Israele: gli ebrei fondamentalisti combattono fisicamente i cristiani

Fonte: FSSPX Attualità

Il logo del movimento Lehava

I cristiani e gli ebrei messianici affrontano una crescente ostilità da parte degli ebrei fondamentalisti ultraortodossi in Israele. Di recente, attivisti delle organizzazioni Lehava e Yad Leahim hanno tentato di impedire fisicamente alle persone di partecipare a un'assemblea di ebrei messianici a Gerusalemme.

Le organizzazioni Lehava – che significa "fiamma" – e Yad Leahim si oppongono alla presenza cristiana e al "proselitismo" in Israele.
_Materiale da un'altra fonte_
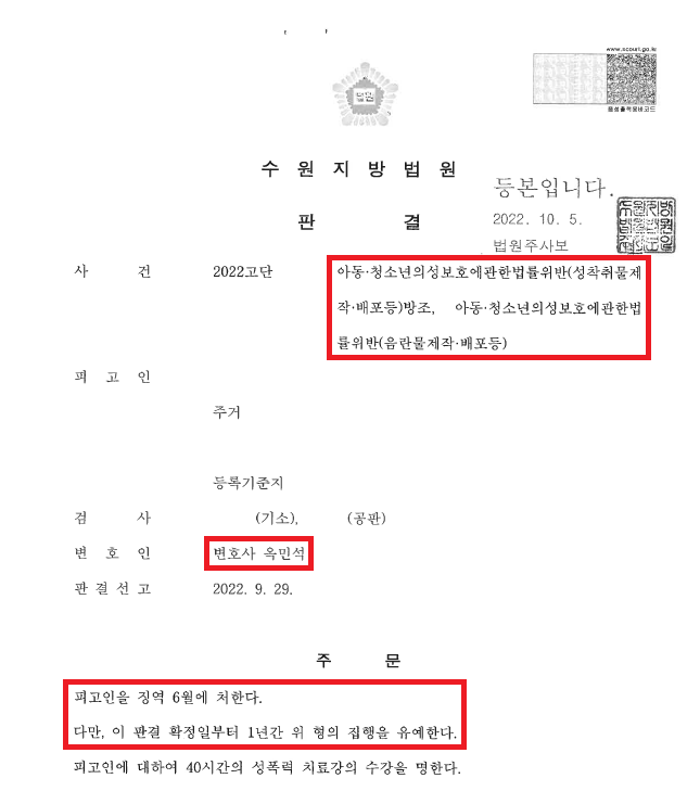 이러한 저의 조력을 바탕으로 A씨는 사회적으로 큰 이슈가 되고 있는 '박사방'에 참여하여 키워드 검색을 하고 인증까지 하며 적극 가담하였음에도 불구하고 징역 6월, 집행유예 1년을 선고받음으로써 법이 허용하고 있는 가장 짧은 집행유예로 마무리할 수 있었습니다.

Lehava è un'organizzazione israeliana il cui obiettivo principale è opporsi ai matrimoni tra ebrei e non ebrei, in particolare il matrimonio di donne ebree con uomini arabi (in altre parole, palestinesi). Yad Leahim è un'organizzazione ebraica ortodossa israeliana che combatte contro le sette e i matrimoni misti in Israele.

Il vicesindaco di Gerusalemme Arieh King ha recentemente guidato un gruppo di ebrei religiosi che cantavano "missionari, andate a casa" mentre un gruppo di cristiani si riuniva al Muro Occidentale per un servizio di preghiera.

Le forze dell'ordine israeliane sono arrivate sul posto per disperdere gli attivisti e fornire sicurezza per l'evento, che ha portato all'arresto di uno di loro.

Arieh King si è opposto a "i missionari cristiani che tengono il culto e la cerimonia cristiana in preparazione di uno sforzo missionario per i residenti israeliani". King ha anche affermato di non essere contrario alla presenza cristiana in Israele in quanto tale, ma al proselitismo cristiano.

Mentre ci sono stati a lungo episodi occasionali di ostilità e persino violenza contro i cristiani in Israele, negli ultimi mesi c'è stato un aumento.

Alcuni analisti ritengono che l'aumento dell'ostilità e della violenza sia legato all'attuale coalizione del Governo in Israele, ampiamente sostenuta da fazioni radicali che proteggono fortemente il carattere ebraico ortodosso di Israele e si oppongono alla presenza del cristianesimo sulla pubblica piazza.

Diverse personalità israeliane di alto rango hanno condannato la violenza contro i cristiani, tra cui il rabbino capo sefardita di Gerusalemme e il leader del partito di opposizione nel Governo della città di Gerusalemme.

Gli incidenti avvengono durante i disordini civili in corso in Israele, dove le proteste contro le riforme giudiziarie proposte dall'attuale governo israeliano hanno scatenato disordini diffusi.